The fragrance elves were busy last year, resulting in the launch of 170 women’s and 70 men’s fragrances. Long gone are the months of developing that one creative statement to become a classic. Success instead becomes a twist, a flanker or a limited edition.
Throughout the holiday season, counters were brimming over with the latest introductions based on a famous designer or personality. How many of them were actually new and exciting? In reviewing launches for 2006, there are sequels to all of the designer fragrances. The trend seemed to have been started by Escada introducing a new spring or fall launch each year. This created a problem for consumers who fell in love with a fragrance but couldn’t find it a year later. It had been discontinued to make way for the next year’s launches.
In the end, fragrance has followed fashion.
The industry works on the idea that consumers demand something new each year, something exciting, something different to keep them from becoming bored, and so must present classics in a different way. It is hard to create a new classic, so now there are sequels to the original classics. These sequels are called “flanker” fragrances and examples include Chanel Light, Coco and Coco Mademoiselle. If a name resonates with consumers at the counter, then by all means use it and give it a new defining adjective such as DKNY’s Be Delicious and Red Delicious. In other words, ride the coattails of the success of the classic.
Celebrity fragrances continue to target the mass market consumer and designers tend to launch in the prestige arena. Do we see some trends evolving, especially noticeable during the holiday buying season?
Annie Buzantian, one of Firmenich’s top perfumers and the creator of some of the most successful fragrance launches of the decade, says that this has obviously been the year of the chypre. However, the innovative twist has been with a definite gourmand note added to the chypre construction, according to Buzantian, and fragrances such as Euphoria, Lovely and Coco Mademoiselle have done extremely well utilizing this note.
“The woody category is freshened and given a twist with citrus or mandarin driven by Light Blue by Lauren. The floral category is still a mainstay being led by Pleasures and Beautiful,” she said.
The aqueous green floral category, launched with the introduction of Pleasures in 1996, still is going strong. Pleasures, relying on its strong identity at the counter, has expanded into a brand with Pleasures Exotic, Pleasures Intense and Pleasures Floral. If the consumer liked the original, why wouldn’t she try a twist?

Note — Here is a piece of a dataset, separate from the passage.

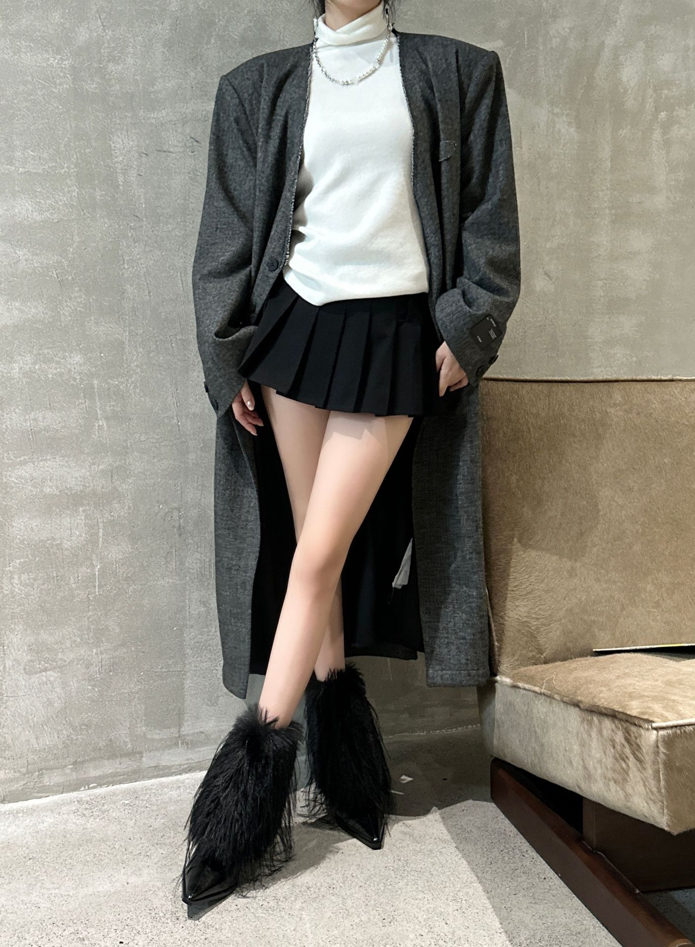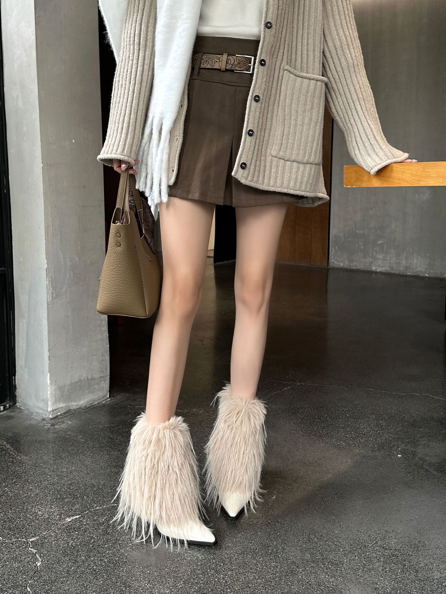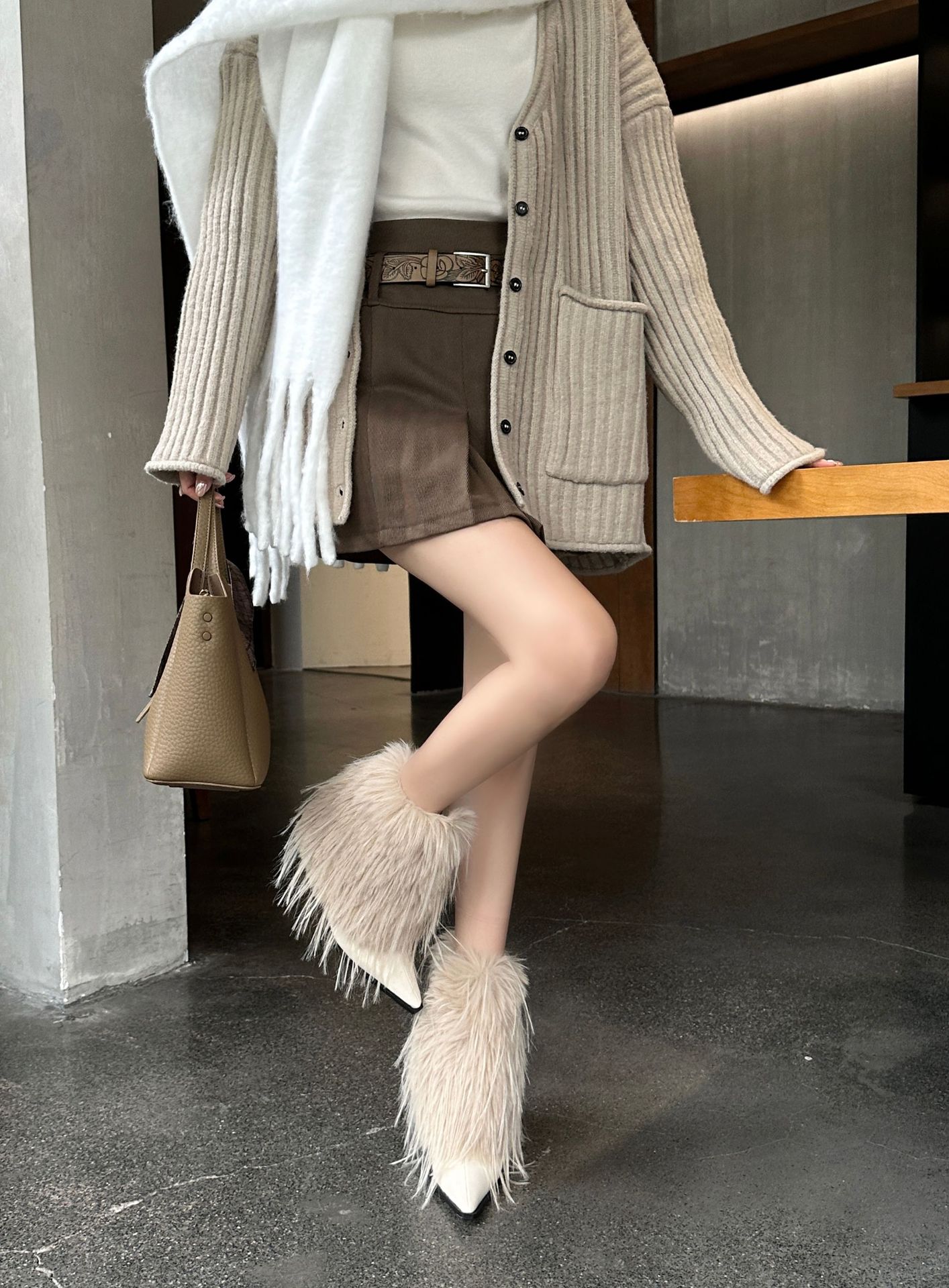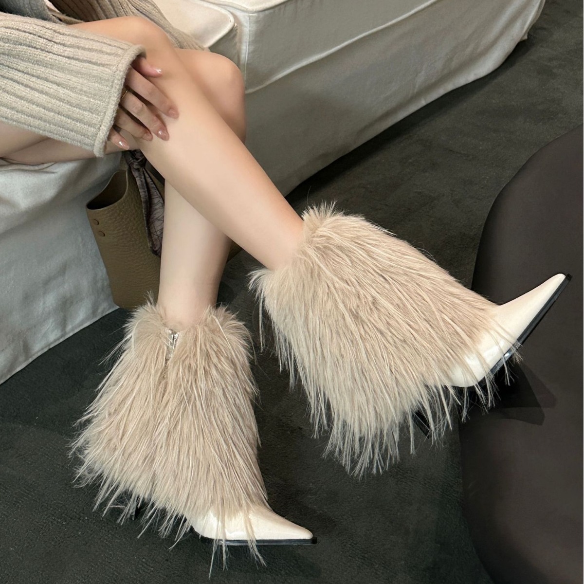 유럽과 미국의 모피 모피 부츠 따뜻한 패션 하이힐 부츠 2023 가을과 겨울 여성을위한 새로운 뾰족한 로우 튜브 여성용 부츠 스노우 부츠스토어 가기
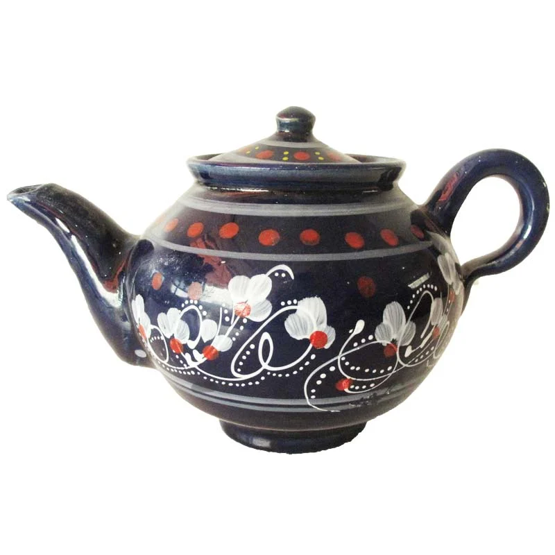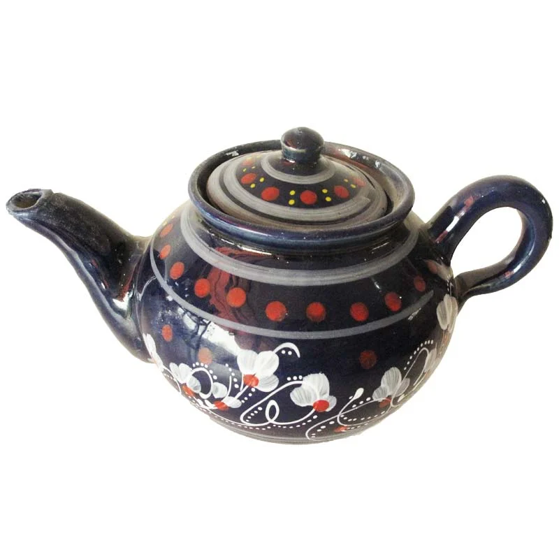 قوری سفالی طرح دار | رنگ: سرمه ای

There have been some big successes in the past few years including Thierry Mugler’s Angel. This fragrance was considered to be an unusual niche success in that it combined a heady, spicy, woody floral note with a very sweet vanilla amber oriental base. This grandfathered the vanillic orientals. Many offshoots occurred such as Jean Paul Gaultier (original), Anna Sui, Burberry Brit and Armani Mania. This category remains strong and continues to make statements with new entries such as Britney Spears’ Fantasy and Ralph Lauren Hot.
We see twists off of the Floriental, a new category which is an imbalance off of the classic citrus vanilla amber and moss accord such as Obsession Night, Angel Garden of Stars Collection and Cartier’s Delices de Cartier.
One of the most successful mass market chypre launches was Lovely, by Sarah Jessica Parker, with a captivating woody floral twist. Clement Gavarry and Lauren LeGuernec of IFF collaborated to create this very feminine, modern interpretation of the classic chypre. Lovely has sharp, fresh clarity laced with floral woods and spices and rich mosses. It has great identity and staying power. Lovely has a fragrance memorability and its sales at the counter will confirm that this Christmas.
The fragrance goes with the Lovely concept, but melds into a long-lasting sultriness. A flanker fragrance followed in a new silk media for the skin that had an entirely different musky fragrance in it, called Lovely Liquid Satin. The addition of musk notes and a silky emollient gives these fragrances a new twist.
Martha Basanta, marketing director at drom fragrances, sees the rose note reinvented for a future direction—perhaps an edible gourmand twist on the rose as exhibited in Rose Angel by Thierry Mugler, a very spicy, woody rose. Basanta also sees the iced rose, the fruity rose and the violet twisted rose for new direction.
Fashion trends, media trends, perfume trends—our fast-paced society is always demanding the new. Have we spoiled our consumers? Who makes the trends? Is it the fashion goods house, the marketer, the small independent entrepreneur? Or is it the creative perfumer at the bench of the fragrance supply house coming up with a new shift in an accord or adding a new raw material. The answer is they all are interrelated. They all feed off one another.
This fragrance mania will continue as long as marketers strive to keep their bottom lines increasing while maintaining or improving their market share. They will put the demands on the fragrance supply house and challenge them to deliver new scents.
A future column will cover how the perfumers meet these challenges and how time and energy are portioned out in the customer-supplier relationship.